- Record excerpts -

##########

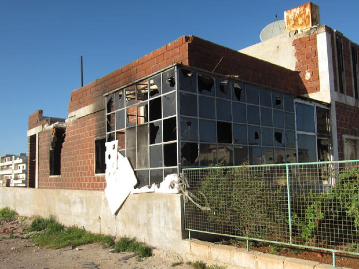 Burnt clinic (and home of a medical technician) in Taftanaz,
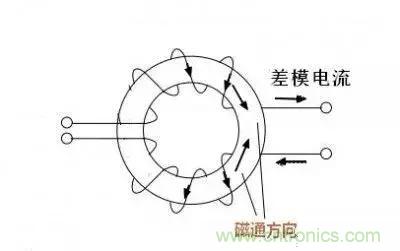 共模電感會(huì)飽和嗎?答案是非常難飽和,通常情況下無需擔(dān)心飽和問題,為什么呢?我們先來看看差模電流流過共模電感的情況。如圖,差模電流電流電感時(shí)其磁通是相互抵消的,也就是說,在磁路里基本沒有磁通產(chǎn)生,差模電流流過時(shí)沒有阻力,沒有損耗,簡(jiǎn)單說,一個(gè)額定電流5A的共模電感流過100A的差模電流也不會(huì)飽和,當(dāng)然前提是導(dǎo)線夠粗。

##########

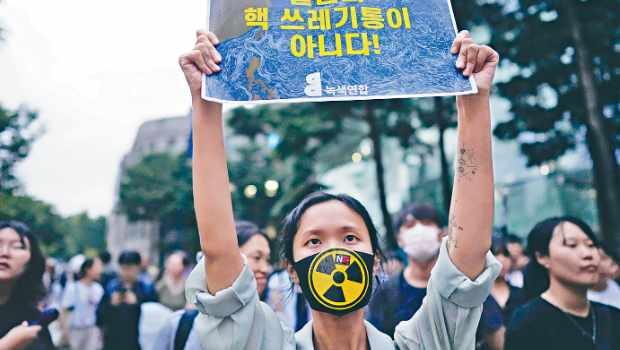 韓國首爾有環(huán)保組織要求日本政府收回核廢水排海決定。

##########

- Work request -
In the listing above, find the line with "Burnt clinic (and" and the line with "共模電感會(huì)飽和嗎?". Output both, plus every line between them, and no pictures.

- Output of the task -
 Burnt clinic (and home of a medical technician) in Taftanaz,
 共模電感會(huì)飽和嗎?答案是非常難飽和,通常情況下無需擔(dān)心飽和問題,為什么呢?我們先來看看差模電流流過共模電感的情況。如圖,差模電流電流電感時(shí)其磁通是相互抵消的,也就是說,在磁路里基本沒有磁通產(chǎn)生,差模電流流過時(shí)沒有阻力,沒有損耗,簡(jiǎn)單說,一個(gè)額定電流5A的共模電感流過100A的差模電流也不會(huì)飽和,當(dāng)然前提是導(dǎo)線夠粗。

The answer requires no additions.